■ Exercise ■
Copy the records below exactly, leaving out any pictures.

(Collected data)
>>>

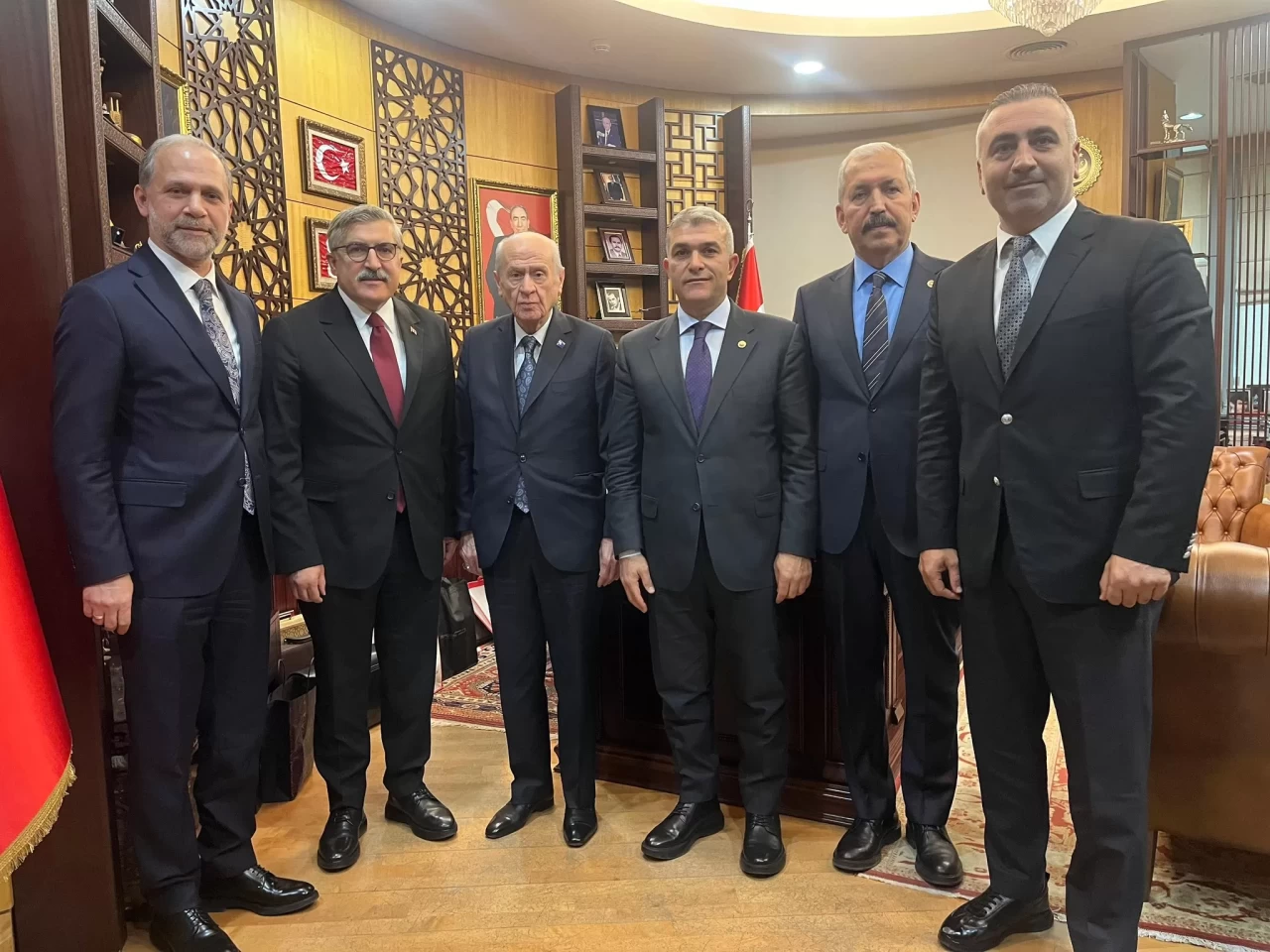 MHP Genel Başkanı Devlet Bahçeli, Hatay’dan milletvekillerini parti genel merkezinde kabul etti. Görüşmede MHP Hatay Milletvekili Lütfi Kaşıkçı ile AK Parti Hatay Milletvekilleri Abdulkadir Özel, Adem Yeşildal, Hüseyin Yayman ve Kemal Karahan yer aldı.
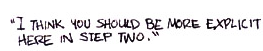 Under the cartoon is the caption spoken by one of the mathematicians: “I think you need to be a little more explicit here in step two.”
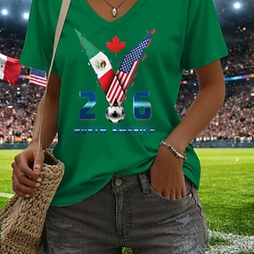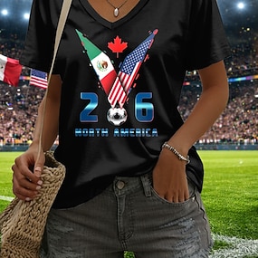 Jour de l'Indépendance Américaine Femmes T-shirt Imprimé Graphique Drapeau Américain Élégant Classique Occasionnel Manche Courte Col en V Hauts Réguliers Quotidien Sortir Bleu Noir Été Printemps
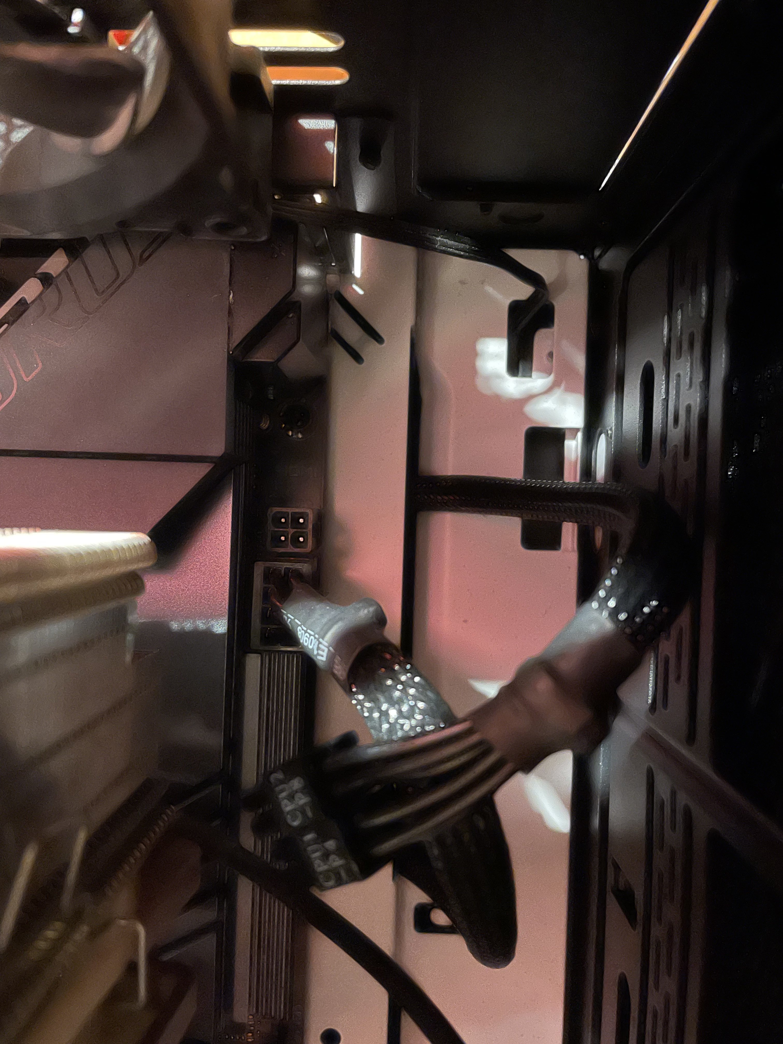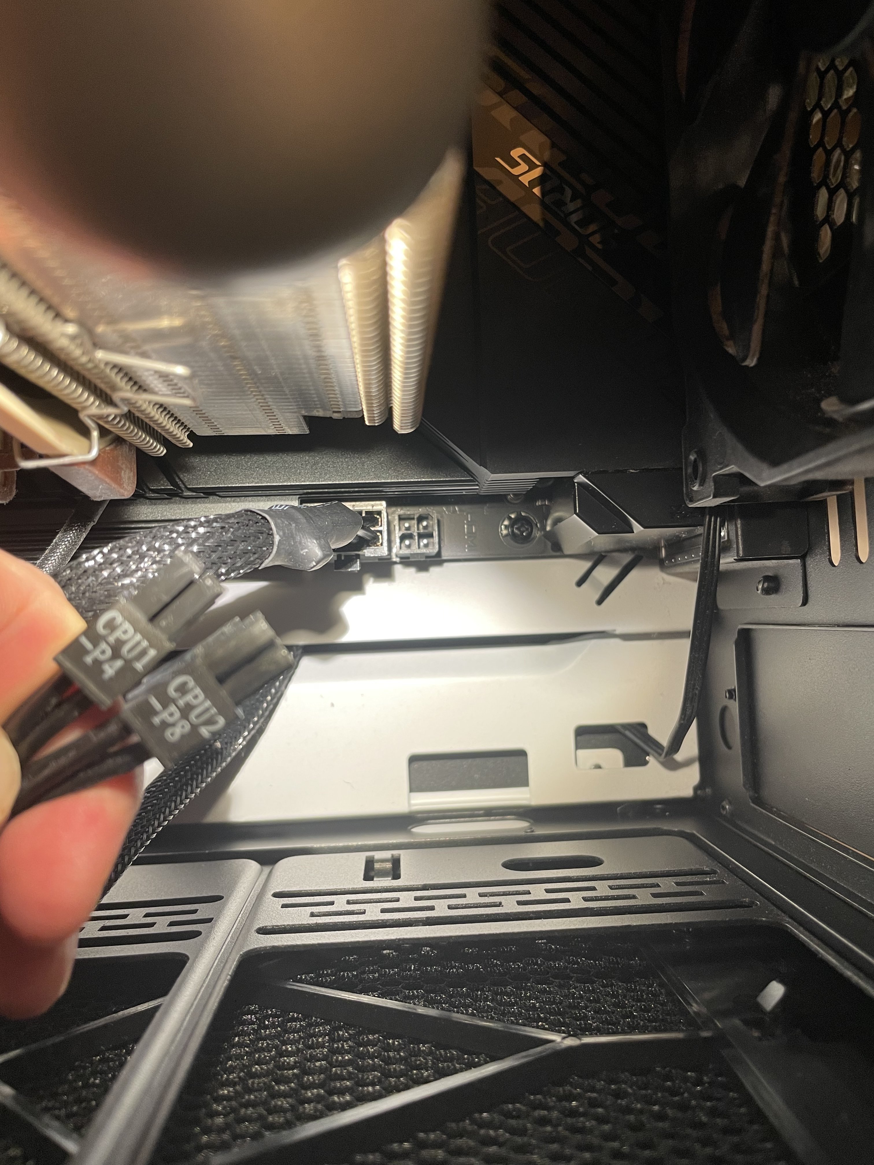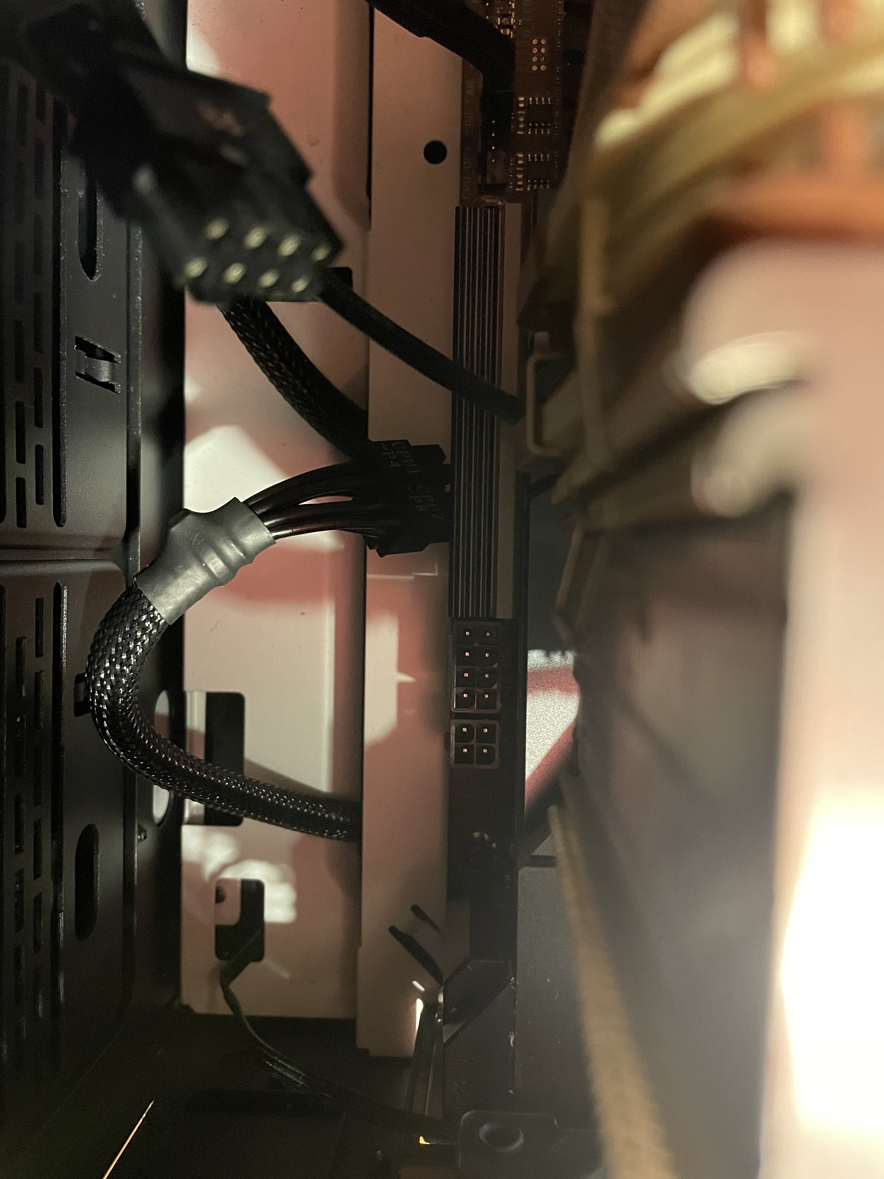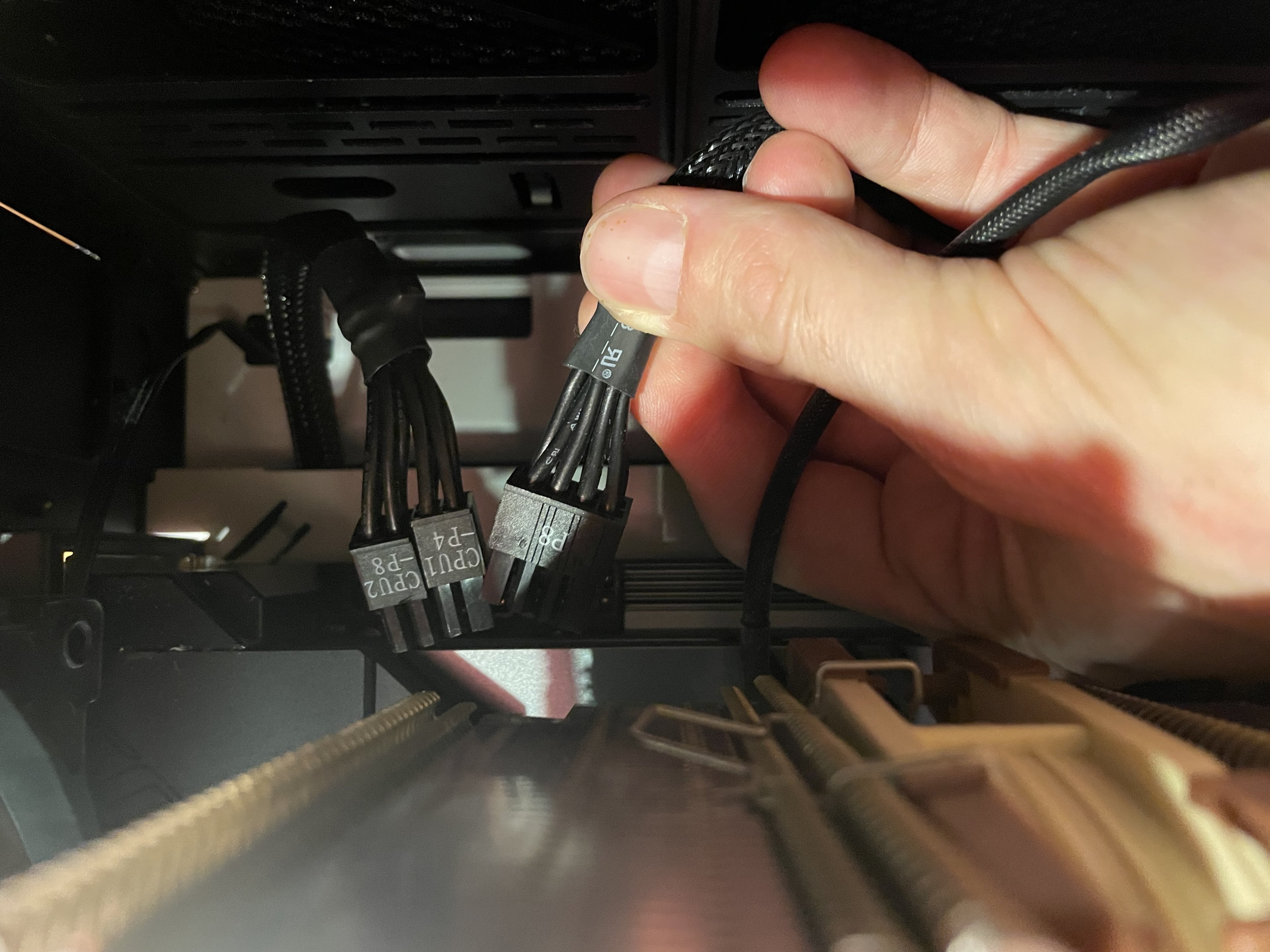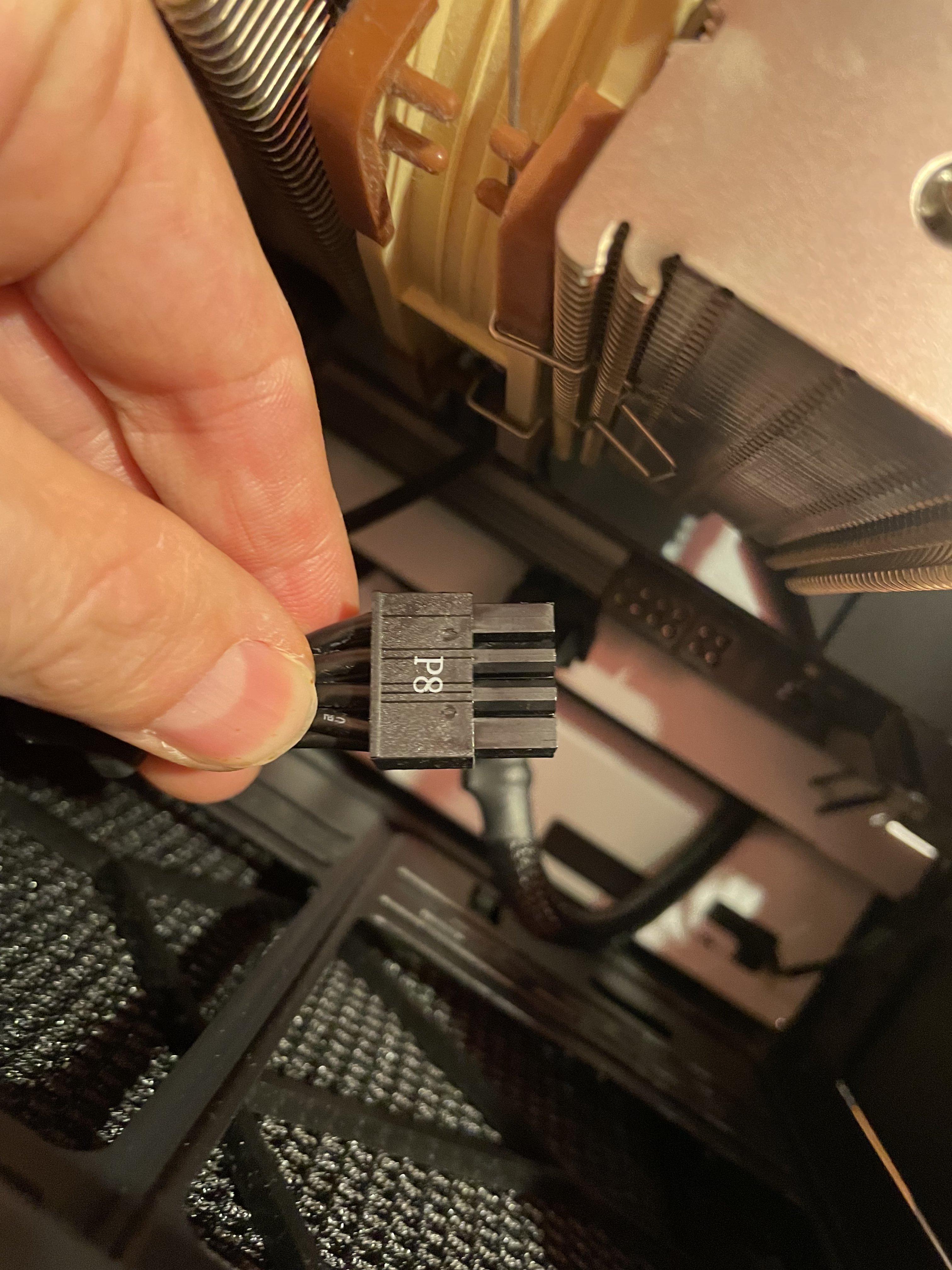 Die Beiden Kabel die du da in die Kamera hältst sind normal zusammen ein 8 Pin Stromanschluss. Welcher steckt in der 8 Pin Buchse im Mainboard? Wie ist der Beschriftet?
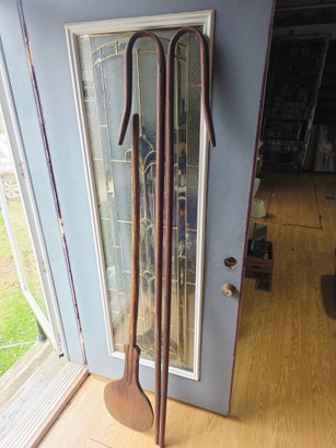 Wooden padle and 2 curved shepherds cane
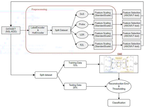 This visual representation illustrates a comprehensive schematic of the architecture that we used in this paper using the NSL-KDD dataset (described in Section 3.1), a well-known dataset used for evaluating systems based on machine learning and deep learning. Specifically, focusing on the process of data preprocessing, it delineates multiple stages essential, progressing through encoding labels with “Label Encoder” and “Hot Encoder”, indicating the conversion of categorical data into a structure suitable for input into the model. In addition, we employed the StandardScaler technique for “Feature Scaling” and ANOVA F-test for “Feature Selection”. In addition, we have separated the dataset by class (DoS (denial of service), Probe, U2R (user-to-root), and R2L (remote-to-local)), selecting features for each class, which gives better results than applying them to the whole dataset.
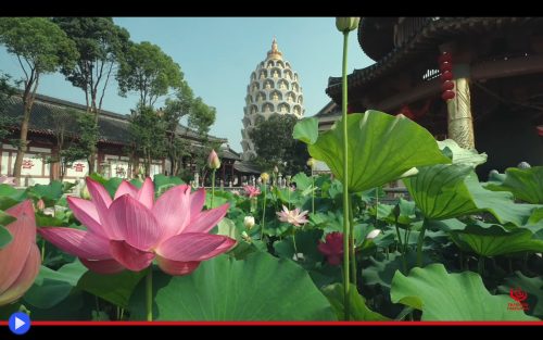 Cruciale nell’estetica del gusto trasversale dell’Estremo Oriente, è la commistione sincretistica d’influenze provenienti da passato, presente e futuro. Quasi come se il concetto di una linea temporale fosse secondario nei confronti della percezione olistica dell’Universo, percepito tramite il poliedrico strumento della mente umana. Scalinata che conduce gradualmente lungo l’effettiva comprensione dei modelli trasversali, non soltanto quelli artistici ma il fondamento stesso di una pratica filosofia di vita. Ciò che satura e pervade le venerazioni, concepite al fine sostanziale di raggiungere la pace che deriva dalla trascendenza della mente stessa. Per questo un tempio dedicato a Buddha ed i suoi molti aspetti può riuscire a trasformarsi, ancor prima che un luogo di pace dedicato al Tutto, nel culmine del tutto sensoriale di una vera e propria esperienza. Dalla giustapposizione si raggiunge l’empatia. E da questa, se guidati nella giusta direzione, la saggezza? Giudicate un po’ voi. Mettendovi nei panni di un visitatore che, raggiunta la Cina orientale di uno dei principali centri urbani prossimi alla vecchia “capitale del Sud” Nanchino, ovvero la città portuale di Changzhou, potrebbe scorgere al di sopra dello skyline fatto d’imponenti grattacieli cubici e altri arredi parametrici dei tempi odierni, qualcosa sulla via di Yancheng che può essere paragonato molto facilmente a un ananas di 91,9 metri, o pigna che indica convintamente tra le regioni dell’azzurro cielo soprastante. In cui ogni spazio per i semi è adibita a residenza di una singola statua dorata; l’espressione pacifica e distante, gambe conserte e mani giunte, l’acconciatura che ricorda vagamente il profilo di una montagna. Resta indubbio in tali circostanze come la condivisione di nozioni possa essere la chiave della comprensione del contesto. Per cui un sinologo che abbia esperienza delle propensioni iconografiche locali, non tarderà di certo ad identificare tale oggetto con il fiore che dal fango nasce al fine di raggiungere la perfezione delle forme, il loto (gen. Nelumbo). E colei che tanto fieramente si palesa in plurima sequenza lungo il suo cilindrico schema reticolato, niente meno che la dea Guanyin/Avalokiteśvara, salvatrice dalla sofferenza, accompagnatrice di coloro che la venerano verso l’ulteriore stato della consapevolezza che conduce alla suprema pace interiore. L’entità che abbraccia questo mondo e riesce a farlo grazie ad una compassione senza limiti, così efficientemente declinata in una moltitudine di braccia, volti e manifestazioni. Una valida fonte d’ispirazione, nella persistente verità dei fatti, per ornare gli ampi spazi sacri ad ella dedicata con la moltitudine di statue in grado di rappresentarla. Laddove l’aspetto esterno non è altro che un anticipo, delle impressionanti meraviglie custodite entro le mura del rivisitato Bǎo Lín Sì (宝林寺) o Tempio della Foresta del Tesoro a Changzhou…

<<<

■ Exercise result ■
 MHP Genel Başkanı Devlet Bahçeli, Hatay’dan milletvekillerini parti genel merkezinde kabul etti. Görüşmede MHP Hatay Milletvekili Lütfi Kaşıkçı ile AK Parti Hatay Milletvekilleri Abdulkadir Özel, Adem Yeşildal, Hüseyin Yayman ve Kemal Karahan yer aldı.
 Under the cartoon is the caption spoken by one of the mathematicians: “I think you need to be a little more explicit here in step two.”
 Jour de l'Indépendance Américaine Femmes T-shirt Imprimé Graphique Drapeau Américain Élégant Classique Occasionnel Manche Courte Col en V Hauts Réguliers Quotidien Sortir Bleu Noir Été Printemps
 Die Beiden Kabel die du da in die Kamera hältst sind normal zusammen ein 8 Pin Stromanschluss. Welcher steckt in der 8 Pin Buchse im Mainboard? Wie ist der Beschriftet?
 Wooden padle and 2 curved shepherds cane
 This visual representation illustrates a comprehensive schematic of the architecture that we used in this paper using the NSL-KDD dataset (described in Section 3.1), a well-known dataset used for evaluating systems based on machine learning and deep learning. Specifically, focusing on the process of data preprocessing, it delineates multiple stages essential, progressing through encoding labels with “Label Encoder” and “Hot Encoder”, indicating the conversion of categorical data into a structure suitable for input into the model. In addition, we employed the StandardScaler technique for “Feature Scaling” and ANOVA F-test for “Feature Selection”. In addition, we have separated the dataset by class (DoS (denial of service), Probe, U2R (user-to-root), and R2L (remote-to-local)), selecting features for each class, which gives better results than applying them to the whole dataset.
 Cruciale nell’estetica del gusto trasversale dell’Estremo Oriente, è la commistione sincretistica d’influenze provenienti da passato, presente e futuro. Quasi come se il concetto di una linea temporale fosse secondario nei confronti della percezione olistica dell’Universo, percepito tramite il poliedrico strumento della mente umana. Scalinata che conduce gradualmente lungo l’effettiva comprensione dei modelli trasversali, non soltanto quelli artistici ma il fondamento stesso di una pratica filosofia di vita. Ciò che satura e pervade le venerazioni, concepite al fine sostanziale di raggiungere la pace che deriva dalla trascendenza della mente stessa. Per questo un tempio dedicato a Buddha ed i suoi molti aspetti può riuscire a trasformarsi, ancor prima che un luogo di pace dedicato al Tutto, nel culmine del tutto sensoriale di una vera e propria esperienza. Dalla giustapposizione si raggiunge l’empatia. E da questa, se guidati nella giusta direzione, la saggezza? Giudicate un po’ voi. Mettendovi nei panni di un visitatore che, raggiunta la Cina orientale di uno dei principali centri urbani prossimi alla vecchia “capitale del Sud” Nanchino, ovvero la città portuale di Changzhou, potrebbe scorgere al di sopra dello skyline fatto d’imponenti grattacieli cubici e altri arredi parametrici dei tempi odierni, qualcosa sulla via di Yancheng che può essere paragonato molto facilmente a un ananas di 91,9 metri, o pigna che indica convintamente tra le regioni dell’azzurro cielo soprastante. In cui ogni spazio per i semi è adibita a residenza di una singola statua dorata; l’espressione pacifica e distante, gambe conserte e mani giunte, l’acconciatura che ricorda vagamente il profilo di una montagna. Resta indubbio in tali circostanze come la condivisione di nozioni possa essere la chiave della comprensione del contesto. Per cui un sinologo che abbia esperienza delle propensioni iconografiche locali, non tarderà di certo ad identificare tale oggetto con il fiore che dal fango nasce al fine di raggiungere la perfezione delle forme, il loto (gen. Nelumbo). E colei che tanto fieramente si palesa in plurima sequenza lungo il suo cilindrico schema reticolato, niente meno che la dea Guanyin/Avalokiteśvara, salvatrice dalla sofferenza, accompagnatrice di coloro che la venerano verso l’ulteriore stato della consapevolezza che conduce alla suprema pace interiore. L’entità che abbraccia questo mondo e riesce a farlo grazie ad una compassione senza limiti, così efficientemente declinata in una moltitudine di braccia, volti e manifestazioni. Una valida fonte d’ispirazione, nella persistente verità dei fatti, per ornare gli ampi spazi sacri ad ella dedicata con la moltitudine di statue in grado di rappresentarla. Laddove l’aspetto esterno non è altro che un anticipo, delle impressionanti meraviglie custodite entro le mura del rivisitato Bǎo Lín Sì (宝林寺) o Tempio della Foresta del Tesoro a Changzhou…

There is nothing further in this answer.